**Task to carry out**
Transcribe the records below line by line, exactly as they read.

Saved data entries
>>>>>

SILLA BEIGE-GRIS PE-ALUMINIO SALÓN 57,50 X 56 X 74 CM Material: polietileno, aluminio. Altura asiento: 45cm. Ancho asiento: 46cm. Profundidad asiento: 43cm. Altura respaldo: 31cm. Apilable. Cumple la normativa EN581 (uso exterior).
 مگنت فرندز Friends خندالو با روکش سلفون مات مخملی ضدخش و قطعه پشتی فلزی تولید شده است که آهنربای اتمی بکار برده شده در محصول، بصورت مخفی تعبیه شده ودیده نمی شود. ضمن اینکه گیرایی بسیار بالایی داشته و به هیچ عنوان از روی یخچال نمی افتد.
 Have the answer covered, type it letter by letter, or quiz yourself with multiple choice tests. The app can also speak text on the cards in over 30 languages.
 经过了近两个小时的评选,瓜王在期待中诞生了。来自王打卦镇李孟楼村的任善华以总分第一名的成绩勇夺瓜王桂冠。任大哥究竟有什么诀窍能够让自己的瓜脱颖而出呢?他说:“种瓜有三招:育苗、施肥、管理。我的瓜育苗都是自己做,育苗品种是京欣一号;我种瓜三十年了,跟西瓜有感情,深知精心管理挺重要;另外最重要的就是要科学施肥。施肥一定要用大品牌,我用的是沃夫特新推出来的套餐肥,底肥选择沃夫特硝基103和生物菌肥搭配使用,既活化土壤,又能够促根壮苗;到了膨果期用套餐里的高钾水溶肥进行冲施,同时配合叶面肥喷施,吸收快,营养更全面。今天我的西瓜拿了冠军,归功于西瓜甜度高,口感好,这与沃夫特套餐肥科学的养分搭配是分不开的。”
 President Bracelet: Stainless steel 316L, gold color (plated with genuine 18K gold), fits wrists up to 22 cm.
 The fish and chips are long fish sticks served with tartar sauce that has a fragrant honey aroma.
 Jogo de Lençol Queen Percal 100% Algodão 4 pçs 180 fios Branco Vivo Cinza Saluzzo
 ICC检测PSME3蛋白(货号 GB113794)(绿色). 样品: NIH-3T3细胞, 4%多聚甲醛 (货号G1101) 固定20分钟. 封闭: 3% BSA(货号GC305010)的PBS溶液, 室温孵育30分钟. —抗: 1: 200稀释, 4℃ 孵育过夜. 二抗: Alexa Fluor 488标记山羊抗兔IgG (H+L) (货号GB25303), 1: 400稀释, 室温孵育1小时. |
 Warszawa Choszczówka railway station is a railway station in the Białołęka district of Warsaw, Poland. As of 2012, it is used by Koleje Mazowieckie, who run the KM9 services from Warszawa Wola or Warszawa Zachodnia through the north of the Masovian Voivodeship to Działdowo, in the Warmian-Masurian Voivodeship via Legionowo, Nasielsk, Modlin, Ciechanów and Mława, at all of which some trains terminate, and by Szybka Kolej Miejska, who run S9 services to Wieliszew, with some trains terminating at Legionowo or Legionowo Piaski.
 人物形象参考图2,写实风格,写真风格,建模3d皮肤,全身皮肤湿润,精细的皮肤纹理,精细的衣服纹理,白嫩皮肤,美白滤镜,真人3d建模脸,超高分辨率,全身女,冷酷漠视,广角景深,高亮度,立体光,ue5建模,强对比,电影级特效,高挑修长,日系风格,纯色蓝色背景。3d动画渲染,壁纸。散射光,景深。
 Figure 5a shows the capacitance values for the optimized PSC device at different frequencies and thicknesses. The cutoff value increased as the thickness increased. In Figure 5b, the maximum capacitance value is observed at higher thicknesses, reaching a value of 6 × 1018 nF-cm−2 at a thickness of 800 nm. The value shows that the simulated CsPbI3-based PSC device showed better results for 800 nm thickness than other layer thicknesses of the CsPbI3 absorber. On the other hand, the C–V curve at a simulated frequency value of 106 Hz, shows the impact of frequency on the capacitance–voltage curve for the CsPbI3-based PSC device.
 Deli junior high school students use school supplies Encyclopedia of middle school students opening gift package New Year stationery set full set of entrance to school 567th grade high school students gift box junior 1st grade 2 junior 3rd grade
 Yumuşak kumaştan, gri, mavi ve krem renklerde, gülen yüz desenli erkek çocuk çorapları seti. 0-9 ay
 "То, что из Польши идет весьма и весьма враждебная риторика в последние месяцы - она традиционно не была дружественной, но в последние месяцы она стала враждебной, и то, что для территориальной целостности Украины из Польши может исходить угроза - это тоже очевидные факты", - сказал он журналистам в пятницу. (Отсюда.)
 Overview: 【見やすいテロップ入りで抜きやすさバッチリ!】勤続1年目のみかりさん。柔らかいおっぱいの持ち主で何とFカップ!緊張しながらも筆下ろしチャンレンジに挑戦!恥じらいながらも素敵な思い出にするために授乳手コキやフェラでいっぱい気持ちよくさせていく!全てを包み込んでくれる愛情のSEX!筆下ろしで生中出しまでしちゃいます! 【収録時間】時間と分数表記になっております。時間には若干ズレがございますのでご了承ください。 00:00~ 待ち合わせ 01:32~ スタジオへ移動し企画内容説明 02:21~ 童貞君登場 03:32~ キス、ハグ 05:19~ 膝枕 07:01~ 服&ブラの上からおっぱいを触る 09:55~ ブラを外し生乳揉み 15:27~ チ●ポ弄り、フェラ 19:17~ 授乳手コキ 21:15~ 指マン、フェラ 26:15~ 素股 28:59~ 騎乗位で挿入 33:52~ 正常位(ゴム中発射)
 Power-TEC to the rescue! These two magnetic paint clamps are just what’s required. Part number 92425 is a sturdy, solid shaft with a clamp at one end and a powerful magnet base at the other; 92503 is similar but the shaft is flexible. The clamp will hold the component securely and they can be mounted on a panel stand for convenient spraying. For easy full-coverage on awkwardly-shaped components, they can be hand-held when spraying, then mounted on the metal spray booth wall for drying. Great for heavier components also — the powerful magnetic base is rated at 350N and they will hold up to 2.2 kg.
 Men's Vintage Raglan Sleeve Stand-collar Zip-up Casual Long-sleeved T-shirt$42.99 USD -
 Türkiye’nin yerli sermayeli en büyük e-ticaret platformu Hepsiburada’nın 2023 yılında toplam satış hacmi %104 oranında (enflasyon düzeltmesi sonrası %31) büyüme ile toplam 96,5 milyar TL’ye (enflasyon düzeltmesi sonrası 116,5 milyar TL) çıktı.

<<<<<

**Result for this exercise**
SILLA BEIGE-GRIS PE-ALUMINIO SALÓN 57,50 X 56 X 74 CM Material: polietileno, aluminio. Altura asiento: 45cm. Ancho asiento: 46cm. Profundidad asiento: 43cm. Altura respaldo: 31cm. Apilable. Cumple la normativa EN581 (uso exterior).
 مگنت فرندز Friends خندالو با روکش سلفون مات مخملی ضدخش و قطعه پشتی فلزی تولید شده است که آهنربای اتمی بکار برده شده در محصول، بصورت مخفی تعبیه شده ودیده نمی شود. ضمن اینکه گیرایی بسیار بالایی داشته و به هیچ عنوان از روی یخچال نمی افتد.
 Have the answer covered, type it letter by letter, or quiz yourself with multiple choice tests. The app can also speak text on the cards in over 30 languages.
 经过了近两个小时的评选,瓜王在期待中诞生了。来自王打卦镇李孟楼村的任善华以总分第一名的成绩勇夺瓜王桂冠。任大哥究竟有什么诀窍能够让自己的瓜脱颖而出呢?他说:“种瓜有三招:育苗、施肥、管理。我的瓜育苗都是自己做,育苗品种是京欣一号;我种瓜三十年了,跟西瓜有感情,深知精心管理挺重要;另外最重要的就是要科学施肥。施肥一定要用大品牌,我用的是沃夫特新推出来的套餐肥,底肥选择沃夫特硝基103和生物菌肥搭配使用,既活化土壤,又能够促根壮苗;到了膨果期用套餐里的高钾水溶肥进行冲施,同时配合叶面肥喷施,吸收快,营养更全面。今天我的西瓜拿了冠军,归功于西瓜甜度高,口感好,这与沃夫特套餐肥科学的养分搭配是分不开的。”
 President Bracelet: Stainless steel 316L, gold color (plated with genuine 18K gold), fits wrists up to 22 cm.
 The fish and chips are long fish sticks served with tartar sauce that has a fragrant honey aroma.
 Jogo de Lençol Queen Percal 100% Algodão 4 pçs 180 fios Branco Vivo Cinza Saluzzo
 ICC检测PSME3蛋白(货号 GB113794)(绿色). 样品: NIH-3T3细胞, 4%多聚甲醛 (货号G1101) 固定20分钟. 封闭: 3% BSA(货号GC305010)的PBS溶液, 室温孵育30分钟. —抗: 1: 200稀释, 4℃ 孵育过夜. 二抗: Alexa Fluor 488标记山羊抗兔IgG (H+L) (货号GB25303), 1: 400稀释, 室温孵育1小时. |
 Warszawa Choszczówka railway station is a railway station in the Białołęka district of Warsaw, Poland. As of 2012, it is used by Koleje Mazowieckie, who run the KM9 services from Warszawa Wola or Warszawa Zachodnia through the north of the Masovian Voivodeship to Działdowo, in the Warmian-Masurian Voivodeship via Legionowo, Nasielsk, Modlin, Ciechanów and Mława, at all of which some trains terminate, and by Szybka Kolej Miejska, who run S9 services to Wieliszew, with some trains terminating at Legionowo or Legionowo Piaski.
 人物形象参考图2,写实风格,写真风格,建模3d皮肤,全身皮肤湿润,精细的皮肤纹理,精细的衣服纹理,白嫩皮肤,美白滤镜,真人3d建模脸,超高分辨率,全身女,冷酷漠视,广角景深,高亮度,立体光,ue5建模,强对比,电影级特效,高挑修长,日系风格,纯色蓝色背景。3d动画渲染,壁纸。散射光,景深。
 Figure 5a shows the capacitance values for the optimized PSC device at different frequencies and thicknesses. The cutoff value increased as the thickness increased. In Figure 5b, the maximum capacitance value is observed at higher thicknesses, reaching a value of 6 × 1018 nF-cm−2 at a thickness of 800 nm. The value shows that the simulated CsPbI3-based PSC device showed better results for 800 nm thickness than other layer thicknesses of the CsPbI3 absorber. On the other hand, the C–V curve at a simulated frequency value of 106 Hz, shows the impact of frequency on the capacitance–voltage curve for the CsPbI3-based PSC device.
 Deli junior high school students use school supplies Encyclopedia of middle school students opening gift package New Year stationery set full set of entrance to school 567th grade high school students gift box junior 1st grade 2 junior 3rd grade
 Yumuşak kumaştan, gri, mavi ve krem renklerde, gülen yüz desenli erkek çocuk çorapları seti. 0-9 ay
 "То, что из Польши идет весьма и весьма враждебная риторика в последние месяцы - она традиционно не была дружественной, но в последние месяцы она стала враждебной, и то, что для территориальной целостности Украины из Польши может исходить угроза - это тоже очевидные факты", - сказал он журналистам в пятницу. (Отсюда.)
 Overview: 【見やすいテロップ入りで抜きやすさバッチリ!】勤続1年目のみかりさん。柔らかいおっぱいの持ち主で何とFカップ!緊張しながらも筆下ろしチャンレンジに挑戦!恥じらいながらも素敵な思い出にするために授乳手コキやフェラでいっぱい気持ちよくさせていく!全てを包み込んでくれる愛情のSEX!筆下ろしで生中出しまでしちゃいます! 【収録時間】時間と分数表記になっております。時間には若干ズレがございますのでご了承ください。 00:00~ 待ち合わせ 01:32~ スタジオへ移動し企画内容説明 02:21~ 童貞君登場 03:32~ キス、ハグ 05:19~ 膝枕 07:01~ 服&ブラの上からおっぱいを触る 09:55~ ブラを外し生乳揉み 15:27~ チ●ポ弄り、フェラ 19:17~ 授乳手コキ 21:15~ 指マン、フェラ 26:15~ 素股 28:59~ 騎乗位で挿入 33:52~ 正常位(ゴム中発射)
 Power-TEC to the rescue! These two magnetic paint clamps are just what’s required. Part number 92425 is a sturdy, solid shaft with a clamp at one end and a powerful magnet base at the other; 92503 is similar but the shaft is flexible. The clamp will hold the component securely and they can be mounted on a panel stand for convenient spraying. For easy full-coverage on awkwardly-shaped components, they can be hand-held when spraying, then mounted on the metal spray booth wall for drying. Great for heavier components also — the powerful magnetic base is rated at 350N and they will hold up to 2.2 kg.
 Men's Vintage Raglan Sleeve Stand-collar Zip-up Casual Long-sleeved T-shirt$42.99 USD -
 Türkiye’nin yerli sermayeli en büyük e-ticaret platformu Hepsiburada’nın 2023 yılında toplam satış hacmi %104 oranında (enflasyon düzeltmesi sonrası %31) büyüme ile toplam 96,5 milyar TL’ye (enflasyon düzeltmesi sonrası 116,5 milyar TL) çıktı.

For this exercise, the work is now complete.